Here I will go into a bit of detail regarding rstanarm and brms. For standard models, these should be your first choice, rather than using Stan directly. Why? For one, the underlying code that is used will be more optimized and efficient than what you come up with, and also, that code has had multiple individuals developing it and hundreds actually using it. Furthermore, you can still, and probably should, set your priors as you wish.

The nice thing about both is that you use the same syntax that you do for R modeling in general. Here is a a basic GLM in both.

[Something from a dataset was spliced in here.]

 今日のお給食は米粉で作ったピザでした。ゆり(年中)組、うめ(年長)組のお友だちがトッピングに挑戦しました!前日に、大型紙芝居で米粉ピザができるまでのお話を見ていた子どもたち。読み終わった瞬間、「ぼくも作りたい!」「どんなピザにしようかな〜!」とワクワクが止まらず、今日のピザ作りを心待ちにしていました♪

stan_glm(y ~ x + z, data = d)

brm(y ~ x + z, data = d)

And here are a couple complexities thrown in to show some minor differences. For example, the priors are specified a bit differently, and you may have options for one that you won’t have in the other, but both will allow passing standard arguments, like cores, chains, etc. to rstan.

stan_glm(
  y ~ x + z + (1|g), 
  data   = d, 
  family = binomial(link = "logit"), 
  prior  = normal(0, 1),
  prior_covariance = decov(regularization = 1, concentration = .5),
  QR     = TRUE,
  chains = 2,
  cores  = 2,
  iter   = 2000
)

brm(
  y ~ x + z + (1|g), 
  data   = d, 
  family = bernoulli(link = 'logit'), 
  prior  = prior(normal(0, 1), class = b, cauchy(0, 5), class = sd),
  chains = 2,
  cores  = 2, 
  iter   = 2000
)

So the syntax is easy to use for both of them, and to a point identical to standard R modeling syntax, and both have the same rstan arguments. However, you’ll need to know what’s available to tweak and how to do so specifically for each package.

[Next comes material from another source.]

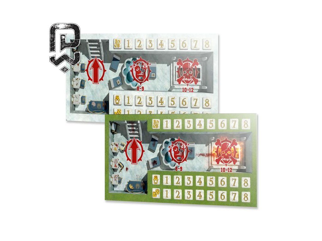 | Trackery | Vyhrazená místa pro sledování skóre, tahů a re-rollů, která zjednodušují orientaci během hry. |
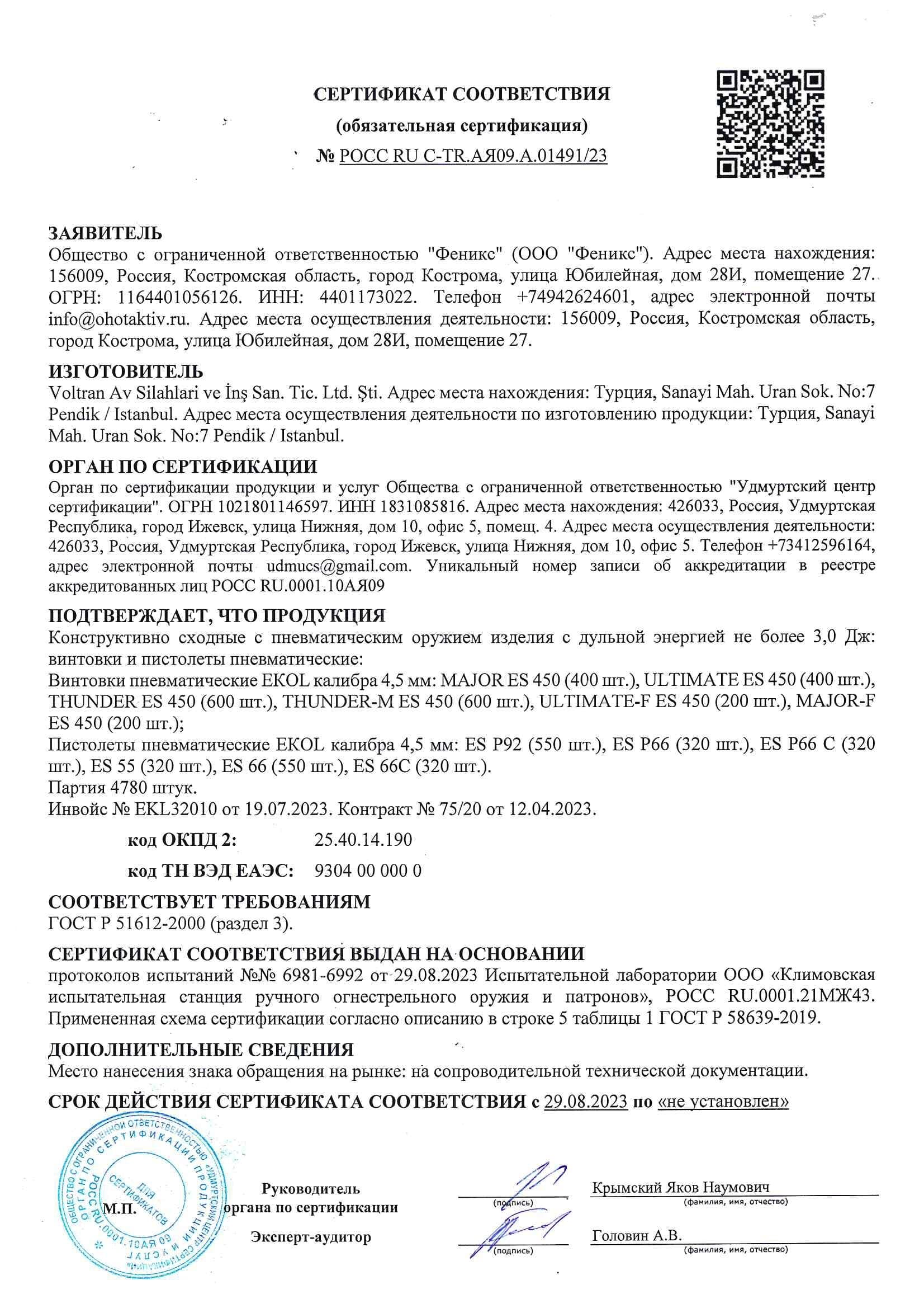 В заводской комплектации Ekol Major имеет невысокую дульную мощность. После каждого выстрела винтовка встает на автоматический предохранитель. Нарезной ствол обеспечивает хорошую скорость выстрела и кучность. Прицельные приспособления открытые, представлены в виде регулируемого целика и мушкой с фибероптическими элементами. Наличие таких устройств позволяет использовать воздушку для точной стрельбы на малых дистанциях.

Standard Regression and GLM

A good starting point for getting more comfortable with Bayesian analysis is to use it on what you’re already more comfortable with, e.g. the standard linear or generalized linear model, and rstanarm and brms both will do this for you. In general, for these models I would suggest rstanarm, as it will run much faster and is optimized for them.

It’s not a good thing that for the most common linear models R has multiple functions and even an additional packages. So we have the following for standard linear, glm, and categorical models:

aov: ANOVA
lm: standard regression (linear model)
glm: generalized linear model
MASS::glm.nb: negative binomial for count data
MASS::polr: ordinal regression model
nnet::nnet: multinomial regression model
biglm::biglm: big data lm

rstanarm keeps this nomenclature unfortunately, and currently doesn’t offer anything for multinomial models. Thus we have:

stan_aov: ANOVA
stan_lm: standard regression (linear model)
stan_glm: generalized linear model
stan_glm.nb: negative binomial for count data or neg_binomial_2 family for stan_glm
stan_polr: ordinal regression model
stan_biglm: big data lm

Contrast this with brms, which only requires the brm function and appropriate family, e.g. ‘poisson’ or ‘categorical,’ and which can do multinomial models also.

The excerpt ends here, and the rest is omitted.